— EXERCISE DESCRIPTION —
Reproduce nothing beyond the line containing "O engraçado gato". From the first line of the data below down to it, copy each line exactly, without the pictures.

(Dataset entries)
*** Block opens ***

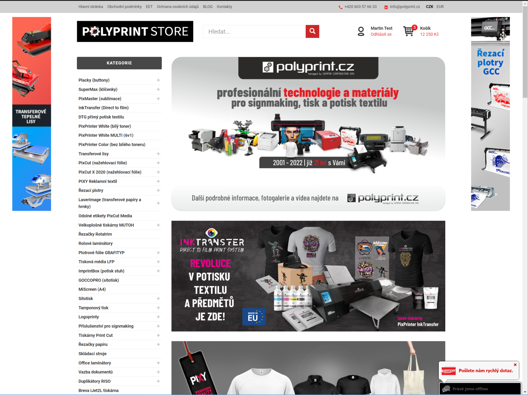 Pořiďte si DTF archovou nebo rolovou tiskárnu PixPrinter InkTransfer a nabídněte
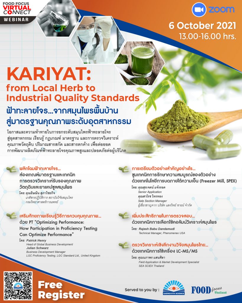 หากคุณมีความสนใจในการต่อยอดผลิตภัณฑ์จากฟ้าทะลายโจร มาร่วมเรียนรู้โอกาสและความท้าทายในการยกระดับสมุนไพรฟ้าทะลายโจรสู่อุตสาหกรรมไปด้วยกัน กับผู้เชี่ยวชาญที่จะแบ่งปันความรู้ และเทคนิคการตรวจวิเคราะห์คุณภาพผลิตภัณฑ์ฟ้าทะลายโจรได้ในงานเว็บบินาร์ครั้งนี้
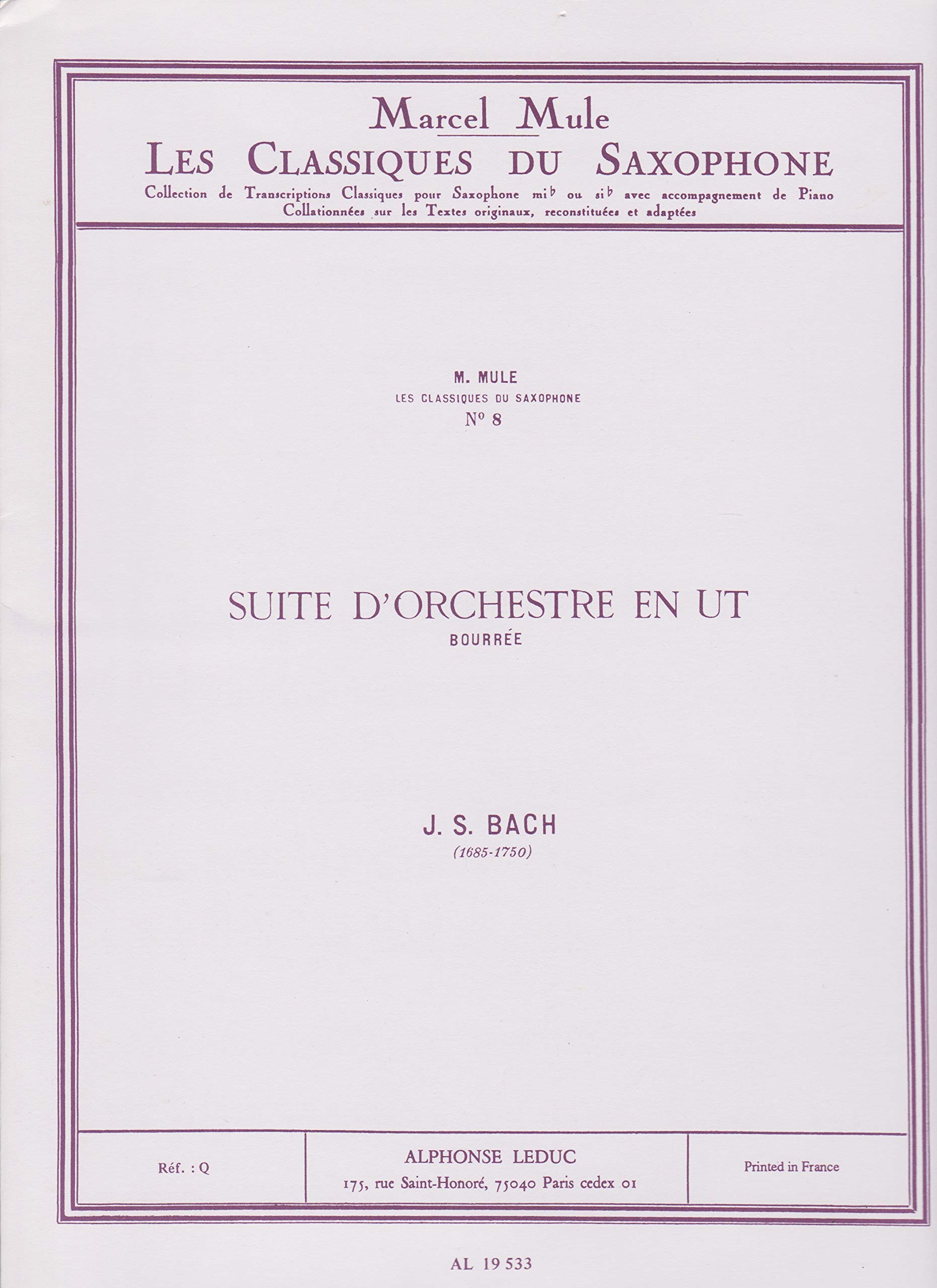 Classique Saxophone Si B No.71 Suite D'Orchestre En Ut: Bouree by Johann Sebastian Bach, Arranged by Marcel Mule
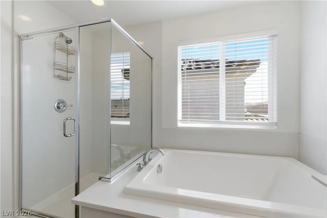The deluxe primary bathroom provides a spa-like retreat with upgraded finishes and thoughtful design. Additional upgrades include enhanced insulation, solar conduit, soft water loop, and a BBQ gas stub for outdoor entertaining. Conveniently located near parks, shopping, dining, and Santa Fe Hotel & Casino.
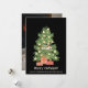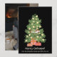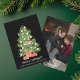O engraçado gato dormindo no Natal! Cartão de Natal Preto com Gato na Árvore de Natal é a mistura perfeita de charme festivo e humor felino. Ele mostra um gato laranja aconchegado dormindo no topo de uma árvore de Natal decorada, completa com bolas amarelas e dois presentes embrulhados embaixo. Abaixo da ilustração divertida, a frase "Feliz soneca de gato!" aparece em letras creme sobre um fundo preto elegante, com uma linha personalizável para adicionar o nome da sua família e o nome do seu gato. O verso do cartão oferece espaço para uma foto da família ou do animal de estimação, tornando-o um cumprimento de Natal caloroso, espirituoso e pessoal para os amantes de gatos.
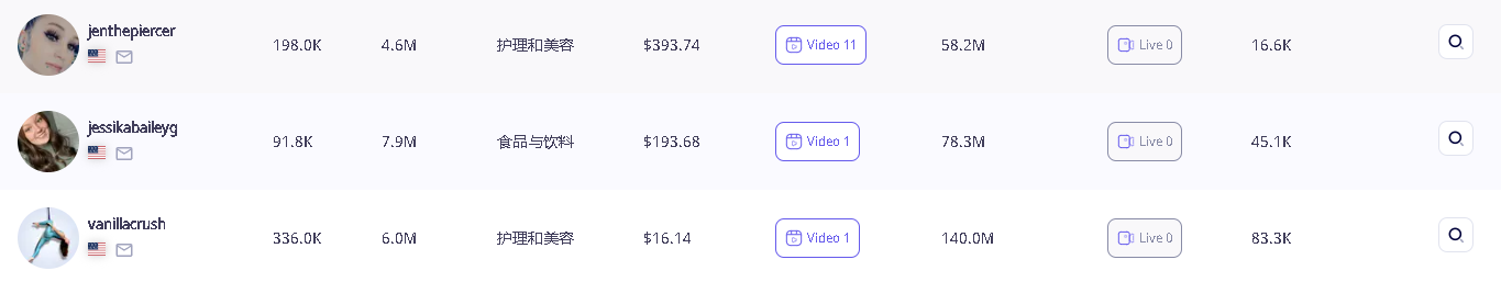 例如,拥有将近 20 万粉丝量的腰部达人 @jenthepiercer 通过与“Lip Liner Stay 唇线笔”合作的 11 条视频,成功带出了近 40 万美元的 GMV;粉丝量还不到 10 万的尾部达人 @jessikabaileyg 通过 1 条视频为其带来了将近 20 万美元的销售额。当然,品牌在其中有针对性地对达人视频进行投流也为视频曝光量增加发挥了不少作用。
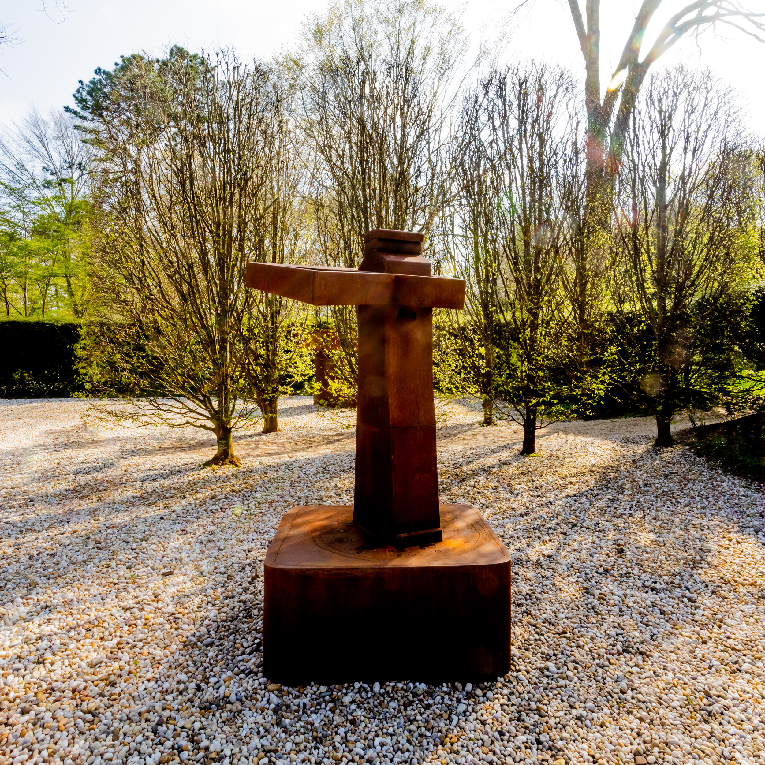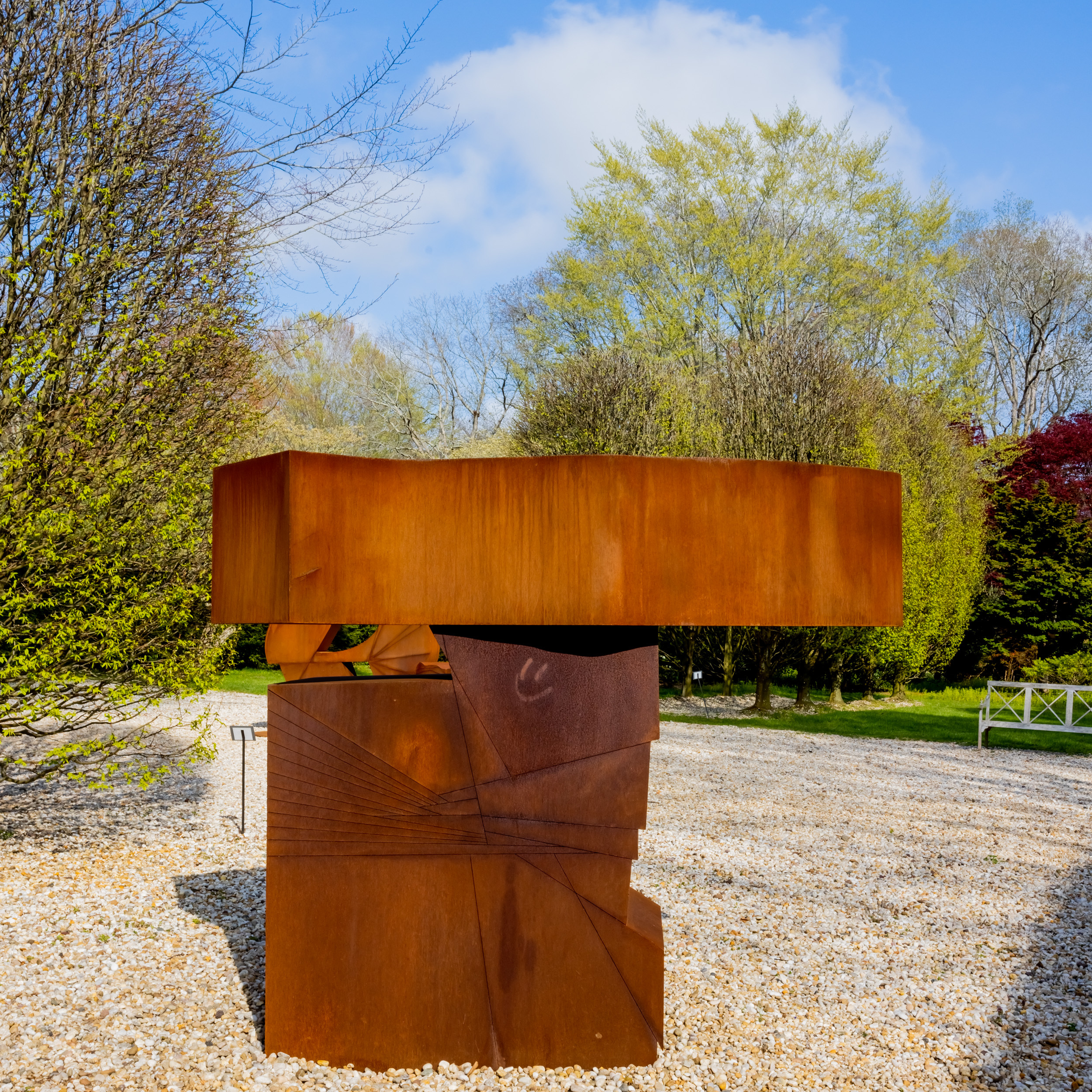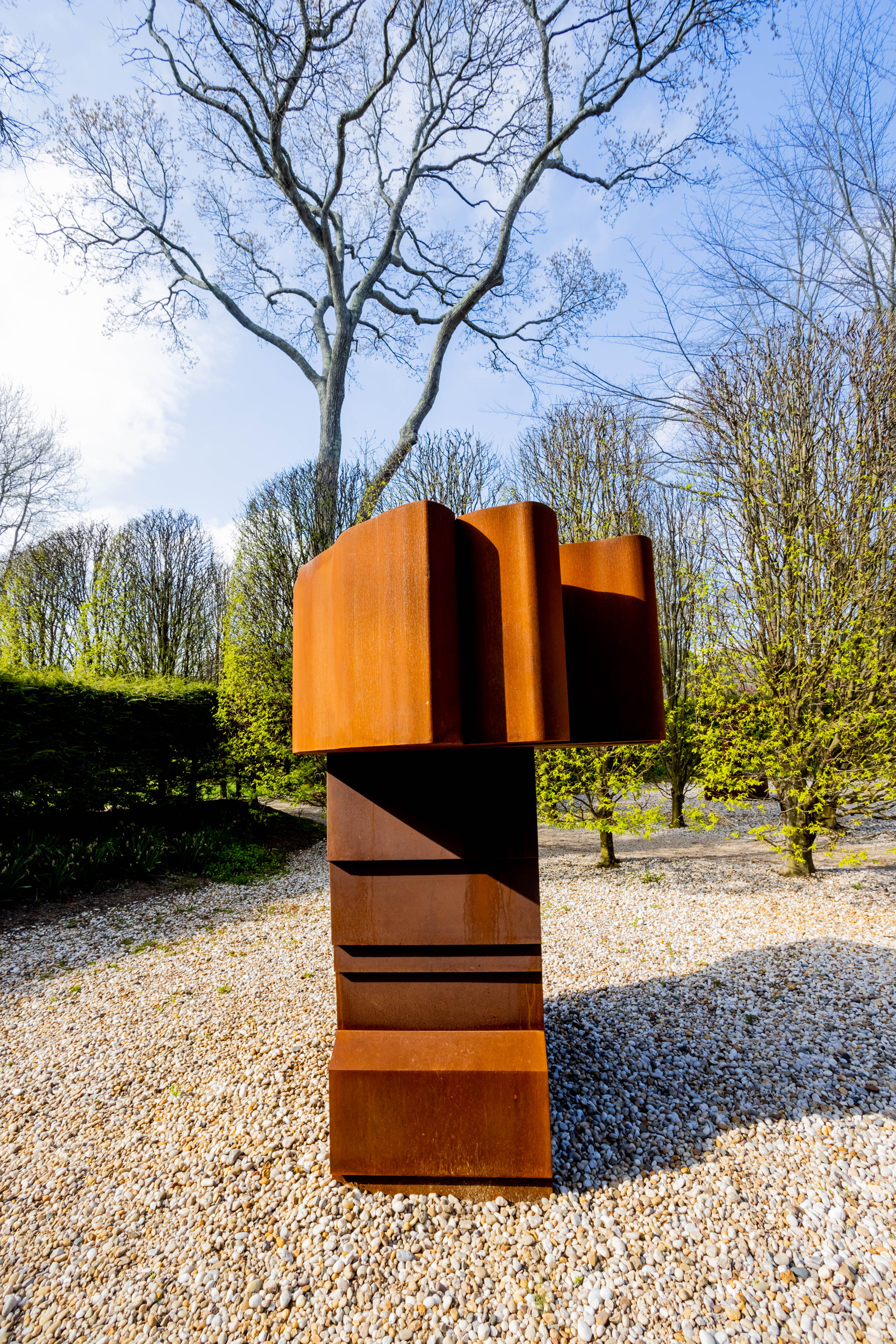 The new artworks include two large-scale sculptures by Maren Hassinger and three by Wyatt Kahn, plus ceramics by the Korean artist Jane Yang D’Haene. The sculptures by Wyatt Kahn—Parade, Painting the Painter and Umbrella—were among seven installed last year by the Public Art Fund in City Hall Park in Lower Manhattan. Fabricated in Corten steel, which weathers into a deep rusted red, the works combine elements of geometric abstraction with objects from everyday life—such as, in Parade—a foot about to crush a light bulb.
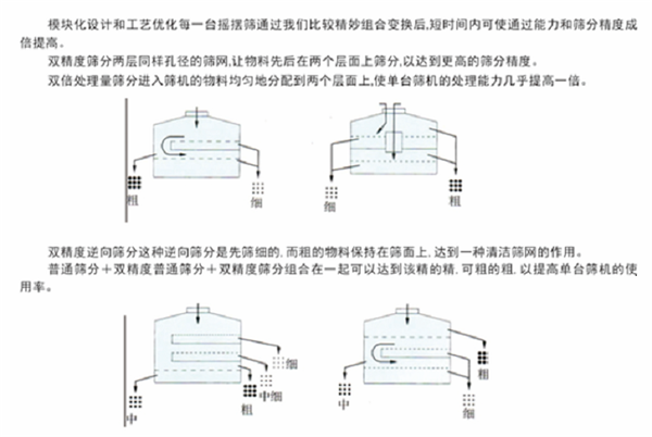 搖擺篩它采用仿生人工篩分的原理,將手工篩分動(dòng)作的“篩”-(平面圓周運(yùn)動(dòng))和“簸”-(向上拋物料)這兩種運(yùn)動(dòng)形式好的結(jié)合在一起,解決精細(xì)與超精細(xì)范圍的粉末與顆粒物料的篩分難題。
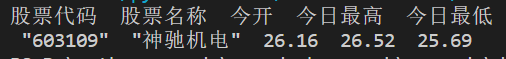 print("股票代码 股票名称 今开 今日最高 今日最低")
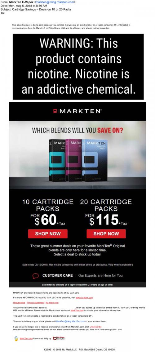 Email from MarkTen in August 2018 promoting a cartridge sale on the brand website, with an emphasis on flavors.
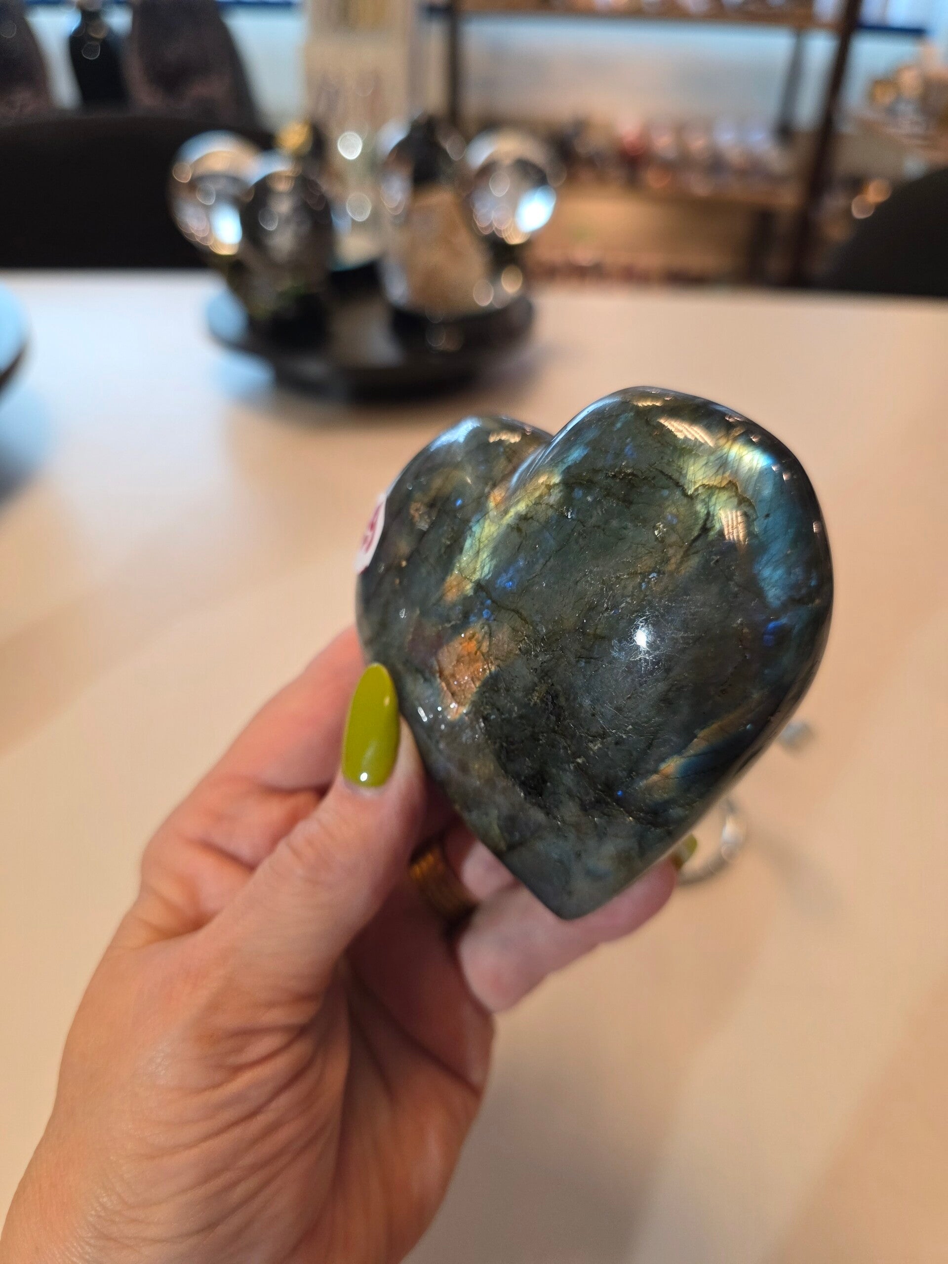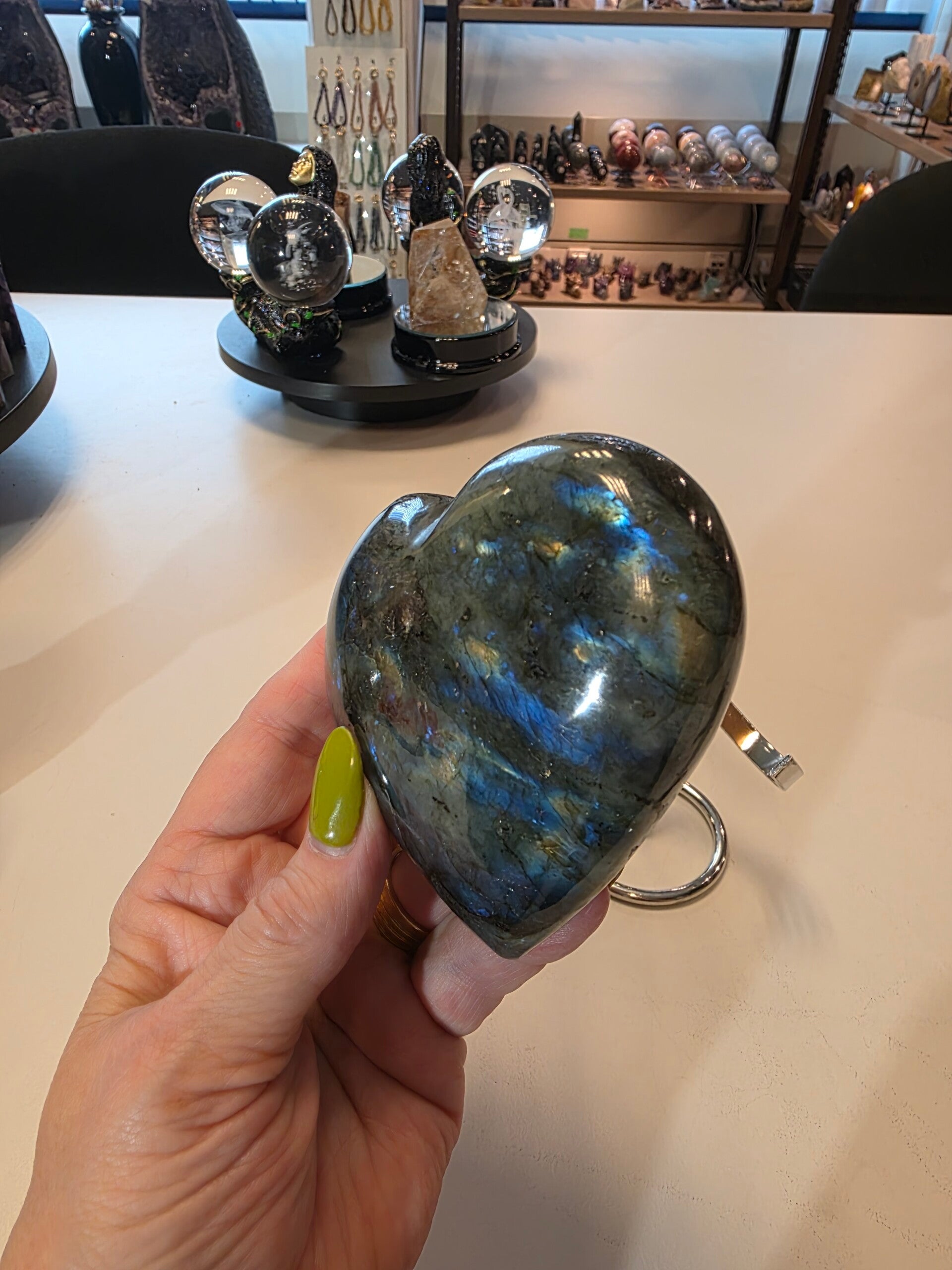 Mooi Labradoriet Hart met blauwe en gouden flash aan beide kanten
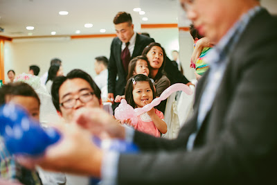After running through the main points of the ceremony twice, we met with our extended families and close friends for a Korean dinner at Dae Dong Manor in Flushing, Queens. The tables were decorated with pretty table linens and beautiful flowers, there was a lot of good food, and my friend Brian brought some balloons to entertain the kids with his impressive creations.
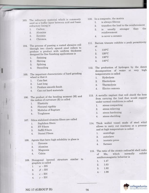 | TANCET 2017 Material Science & Ceramic Technology Question Paper PDF | TANCET 2017 Material Science & Ceramic Technology Answer Key PDF |
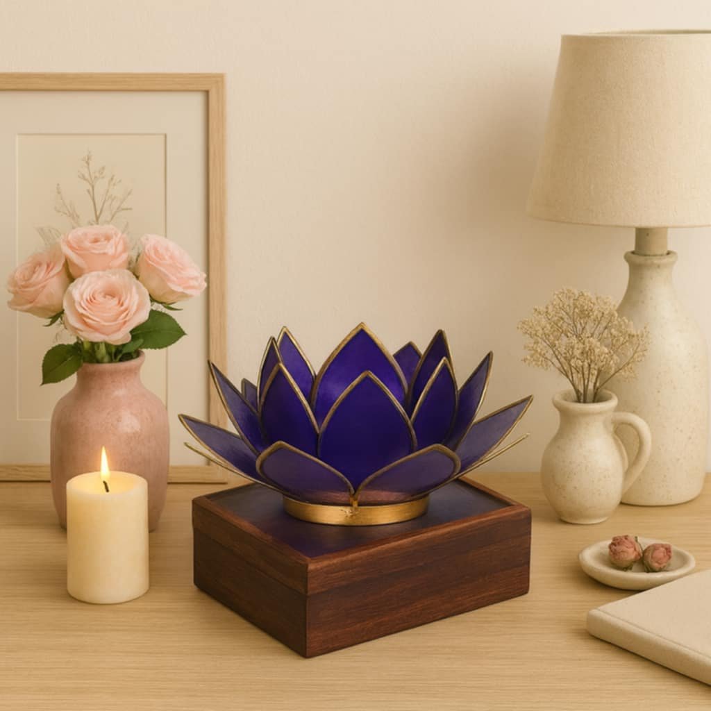 Překrásný Lotosový svícen na čajovou svíčku fialové barvy se zlatým lemováním okrajů listů je vyrobený z Filipínských mušlí ve tvaru lotosu. Lotos symbolizuje transformaci z temnoty do světla, z nevědomosti do moudrosti. Rozkvetlý lotos je symbolem čistoty, skromnosti, laskavosti a dokonalosti. Představuje lásku, plodnost, moudrost.

*** Block closes ***

— SOLUTION TO THE PROBLEM —
 Pořiďte si DTF archovou nebo rolovou tiskárnu PixPrinter InkTransfer a nabídněte
 หากคุณมีความสนใจในการต่อยอดผลิตภัณฑ์จากฟ้าทะลายโจร มาร่วมเรียนรู้โอกาสและความท้าทายในการยกระดับสมุนไพรฟ้าทะลายโจรสู่อุตสาหกรรมไปด้วยกัน กับผู้เชี่ยวชาญที่จะแบ่งปันความรู้ และเทคนิคการตรวจวิเคราะห์คุณภาพผลิตภัณฑ์ฟ้าทะลายโจรได้ในงานเว็บบินาร์ครั้งนี้
 Classique Saxophone Si B No.71 Suite D'Orchestre En Ut: Bouree by Johann Sebastian Bach, Arranged by Marcel Mule
The deluxe primary bathroom provides a spa-like retreat with upgraded finishes and thoughtful design. Additional upgrades include enhanced insulation, solar conduit, soft water loop, and a BBQ gas stub for outdoor entertaining. Conveniently located near parks, shopping, dining, and Santa Fe Hotel & Casino.
O engraçado gato dormindo no Natal! Cartão de Natal Preto com Gato na Árvore de Natal é a mistura perfeita de charme festivo e humor felino. Ele mostra um gato laranja aconchegado dormindo no topo de uma árvore de Natal decorada, completa com bolas amarelas e dois presentes embrulhados embaixo. Abaixo da ilustração divertida, a frase "Feliz soneca de gato!" aparece em letras creme sobre um fundo preto elegante, com uma linha personalizável para adicionar o nome da sua família e o nome do seu gato. O verso do cartão oferece espaço para uma foto da família ou do animal de estimação, tornando-o um cumprimento de Natal caloroso, espirituoso e pessoal para os amantes de gatos.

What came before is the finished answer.